[prototype] Make apiserver admission plugins retrieve k8s objects dir… #121979

linxiulei · 2023-11-21T11:58:50Z

Make apiserver admission plugins retrieve k8s objects directly from its storage

Before this commit, admission plugins use informers to sync k8s objects and as a result, there is an additional copy of k8s object in kube-apiserver. This commit allows referencing k8s objects from storage without actually copying them, which reduces significant memory usage in both serving and storage.

Also observed a visible amount of CPU usage reduced in kube-apiserver startup as the admission plugins didn't need to fetch objects from the HTTP endpoints, nor did kube-apiserver need to serve.

Memory measurements and comparisons

# create about 9k pods
kubectl get --raw /metrics | grep go_memstats_alloc_bytes

Origin:

Peak memory alloc: go_memstats_alloc_bytes 7.16614552e+08
Stablized memory alloc: go_memstats_alloc_bytes 4.2804752e+08

Optimized:

Peak memory alloc: go_memstats_alloc_bytes 3.46012872e+08
Stablized memory alloc: go_memstats_alloc_bytes 2.82520896e+08

What type of PR is this?

/kind cleanup

What this PR does / why we need it:

This commit allows referencing k8s objects from storage without actually copying them, which reduces significant memory and CPU usage in both serving and storage.

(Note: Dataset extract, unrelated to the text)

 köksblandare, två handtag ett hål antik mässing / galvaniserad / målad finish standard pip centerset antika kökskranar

Which issue(s) this PR fixes:

Fixes #121657

Special notes for your reviewer:

The current PR only have minimal changes for easier reviews and discussion.

The implementation contains three parts:

Populating the restStorage object from kube-apiserver initialization code, which is needed for retrieving k8s objects
Creating a StorageInformers factory reusing the current code-autogen of staging/src/k8s.io/client-go/informers/factory.go to automatically generate that takes restStorage instead of k8s_client to initialize. This new factory will have exactly same interfaces as the current informer factory
Adding an interface for apiserver plugins to allow to be initialized with informers created by StorageInformers

As for plugin migration, the migration code should be as minimal as just adding an interface and replacing informers to the ones created by StorageInformers. Likely, we will migrate all plugins to use the new informers for lower overheads. To safely rollout, we could use a feature gate to guard the change.

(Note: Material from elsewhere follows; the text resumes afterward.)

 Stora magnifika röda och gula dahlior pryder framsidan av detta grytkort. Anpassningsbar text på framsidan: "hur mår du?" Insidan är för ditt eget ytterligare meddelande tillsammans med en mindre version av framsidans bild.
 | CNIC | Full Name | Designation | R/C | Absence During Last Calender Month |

Does this PR introduce a user-facing change?

Additional documentation e.g., KEPs (Kubernetes Enhancement Proposals), usage docs, etc.:

NONE

…ectly from its storage Before this commit, admission plugins use informers to sync k8s objects and as a result, there is a copy of k8s object in kube-apiserver. This commit allows referencing k8s objects from storage without actually copying them, which reduces significant memory usage in both serving and storage. Also observed a visible amount of CPU usage reduced in kube-apiserver startup as the admission plugins didn't need to fetch objects from the HTTP endpoints, nor did kube-apiserver need to serve. Memory measurements and comparisons ``` kubectl get --raw /metrics | grep go_memstats_alloc_bytes ``` Origin: Peak memory alloc: go_memstats_alloc_bytes 7.16614552e+08 Stablized memory alloc: go_memstats_alloc_bytes 4.2804752e+08 Optimized: Peak memory alloc: go_memstats_alloc_bytes 3.46012872e+08 Stablized memory alloc: go_memstats_alloc_bytes 2.82520896e+08

k8s-ci-robot · 2023-11-21T11:58:53Z

Adding the "do-not-merge/release-note-label-needed" label because no release-note block was detected, please follow our release note process to remove it.

Instructions for interacting with me using PR comments are available here. If you have questions or suggestions related to my behavior, please file an issue against the kubernetes/test-infra repository.

k8s-ci-robot · 2023-11-21T11:59:00Z

This issue is currently awaiting triage.

If a SIG or subproject determines this is a relevant issue, they will accept it by applying the triage/accepted label and provide further guidance.

The triage/accepted label can be added by org members by writing /triage accepted in a comment.

Instructions for interacting with me using PR comments are available here. If you have questions or suggestions related to my behavior, please file an issue against the kubernetes/test-infra repository.

k8s-ci-robot · 2023-11-21T11:59:39Z

[APPROVALNOTIFIER] This PR is NOT APPROVED

This pull-request has been approved by: linxiulei
Once this PR has been reviewed and has the lgtm label, please assign deads2k for approval. For more information see the Kubernetes Code Review Process.

The full list of commands accepted by this bot can be found here.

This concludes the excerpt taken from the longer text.